Grace lowers her chin to her chest, pouting. “I thought it would be fun. Who knows who we’ll run into. That is if the whole entire teenage population isn’t away like we should be. But maybe you’re right. You have any better suggestions?”
I feel bad for knocking down her idea. I know she misses me. I miss her too and it wouldn’t kill me to spend a nostalgic night with my best friend to make her happy and secure in our friendship. Tomorrow she’ll meet Declan for the first time and then she’ll be playing third wheel.
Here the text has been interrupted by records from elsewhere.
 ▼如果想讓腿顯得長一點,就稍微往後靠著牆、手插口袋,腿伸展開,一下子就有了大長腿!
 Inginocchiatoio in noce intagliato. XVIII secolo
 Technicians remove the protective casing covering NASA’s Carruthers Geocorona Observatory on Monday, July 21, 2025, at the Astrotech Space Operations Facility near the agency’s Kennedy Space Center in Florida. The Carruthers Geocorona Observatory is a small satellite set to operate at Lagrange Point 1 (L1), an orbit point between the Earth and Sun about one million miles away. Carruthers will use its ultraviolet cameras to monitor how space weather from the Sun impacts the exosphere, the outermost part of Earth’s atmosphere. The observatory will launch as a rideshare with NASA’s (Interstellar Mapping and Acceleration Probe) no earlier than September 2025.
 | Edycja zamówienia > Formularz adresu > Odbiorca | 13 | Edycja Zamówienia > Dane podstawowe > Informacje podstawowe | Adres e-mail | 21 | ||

She needs this time with me.
“The Room it is,” I wink, grabbing a dirty t-shirt from her hand. “I have kind of missed that place.”
Grace’s eyes light up and she pulls me in for a tight squeeze. When she releases me, she plops back down on the bed, smoothing her hand over the vinyl lettering on my university sweatshirt. “You know, Mia, I never imagined it this way. I just thought the two of us would go off to London or Greece, study a little, party a lot and meet some gorgeous Europeans with sexy accents who would sweep us off our feet and out of this small town for good. But I’m stuck here at community college and you’re off, spreading your wings, two hours away. I’m so happy you love school and that you’ve found Declan, but…I miss my best friend.”
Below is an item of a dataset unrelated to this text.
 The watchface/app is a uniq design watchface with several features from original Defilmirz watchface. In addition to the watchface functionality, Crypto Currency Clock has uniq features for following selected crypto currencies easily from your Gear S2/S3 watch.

I pull my sweatshirt out of her discerning grip and toss it in the hamper. She doesn’t need the reminder of our distance in her face. “I miss you too, Grace. But nothing or no one is ever going to come between us. I’m not going anywhere. In fact, Declan didn’t grow up far from here. If we do wind up together our lives will be here and everything will go back to normal. I promise, chicky. Best friends for life.”
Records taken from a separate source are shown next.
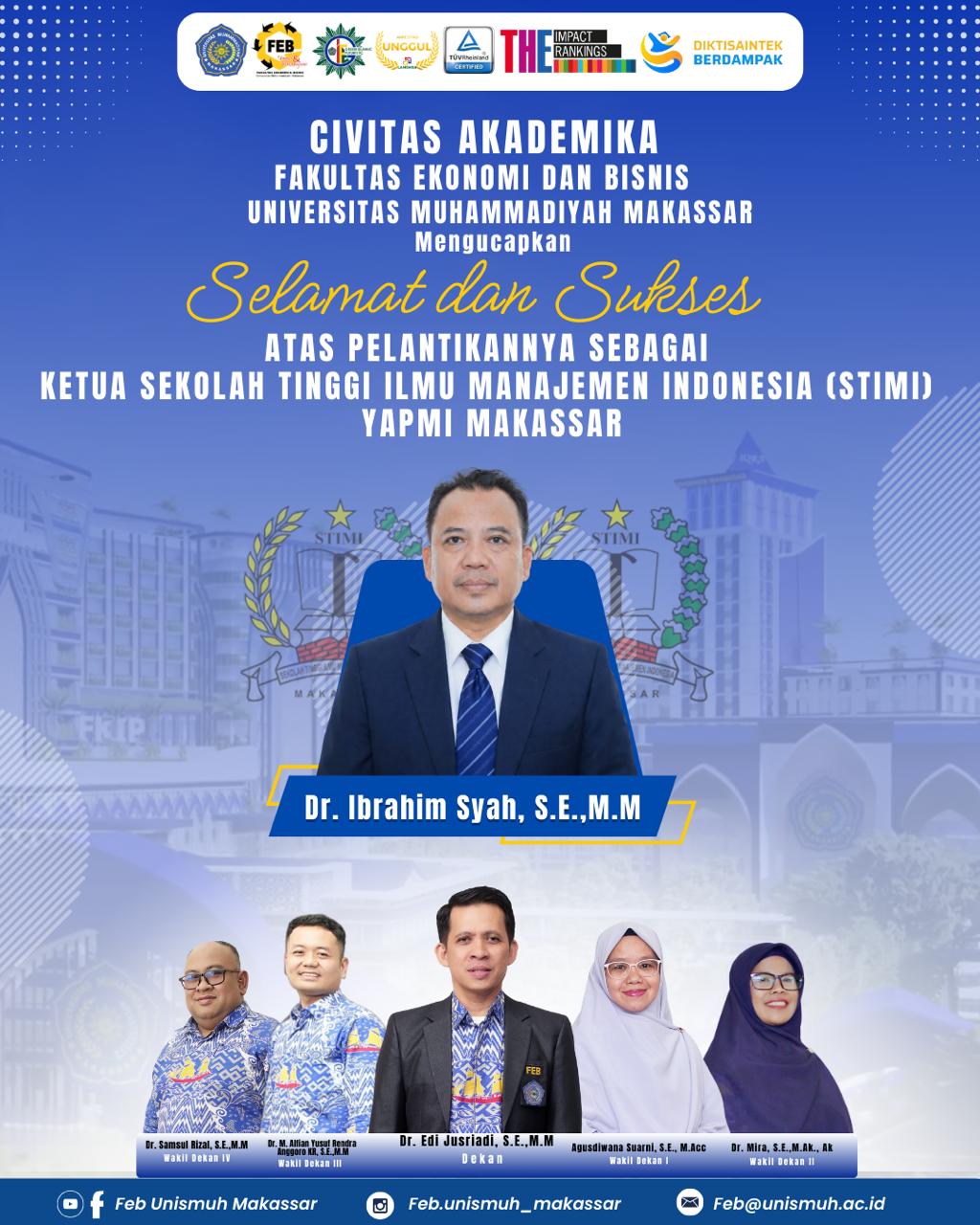 Makassar, MM – Pengurus Pusat DPP Ikatan Alumni Universitas Muhammadiyah (IKA Unismuh) Makassar bersama Civitas Akademika Fakultas Ekonomi dan Bisnis (FEB) Universitas Muhammadiyah Makassar menyampaikan ucapan selamat dan sukses atas pelantikan Dr. Ibrahim Syah, S.E., M.M sebagai Ketua Sekolah Tinggi Ilmu Manajemen Indonesia (STIMI) YAPMI Makassar.
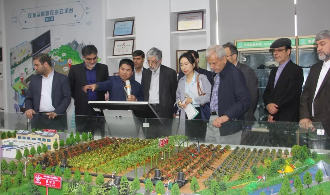 在高效水肥一体化灌溉系统、田园综合体智慧农业沙盘、农抬头智慧云平台、水务通智慧云平台等智慧农业装备技术、农业水利物联网技术的展示演示后,考察团一行针对伊朗农业灌溉现状,高效灌溉的成本投入、经济产出,栽培模式、盐碱地土壤修复等相关方面进行了交流沟通。
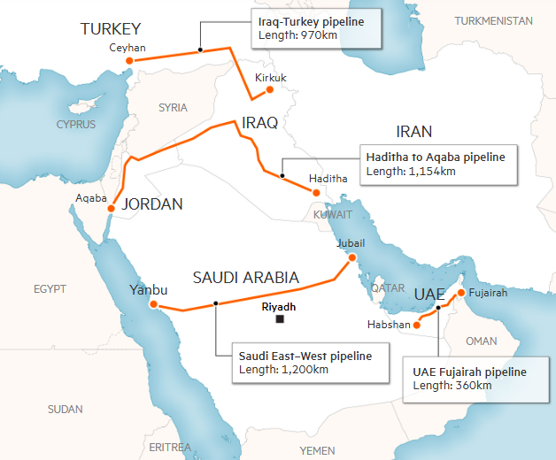 该管道建于20世纪80年代,当时由于担心伊朗与伊拉克的战争会封锁海峡而兴建。而现在,它已成为了沙特石油出口的一条关键生命线——该国目前每天能通过该管道向红海港口延布输送700万桶石油,完全绕过霍尔木兹海峡。
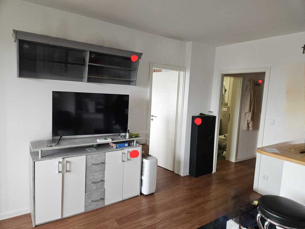 Die Wohnung ist ausgestattet mit vielen Regalen und Schränken, Bett mit 1 Jahr alter neuen Mattatze welche nicht oft benutzt worden ist, Schreibtisch, Küche mit Kühlschrank+ Spühmaschine+ Ofen, Barhocker und einen frisch renoviertem Bad mit Waschmaschine und Dusche.

Grace smiles, erasing any earlier doubts. “You’re the bomb diggity bomb, Mia. And I like you…I like you a lot.” Goddamn Dumb and Dumber. Isn’t it supposed to be a guy’s favorite movie, not my girly best friend’s?
The Room is exactly the way we left it. The woodsy smell of brick oven pizza, the musty basement air, the lava lamps illuminating the acne scarred teenagers trying to score a hook-up. And they all look so young. How could two years make such a major difference?
We find an empty couch over in the corner by the cliché of a jukebox. Grace rummages through her bag and pulls out a beaded change purse, jingling its contents for me.
“What’ll it be? The Fugees or Ace of Base?”
“Oh God, Grace. Anything but Ace of Base.”
She laughs, probably remembering a time when The Sign played on repeat for an entire weekend. We’d made up a ridiculous dance with props and everything. She wore a pair of white go-go looking boots and a pleather pink trench coat while singing into a hairbrush. The memory makes me shake my head, relieved that we’ve grown up a little.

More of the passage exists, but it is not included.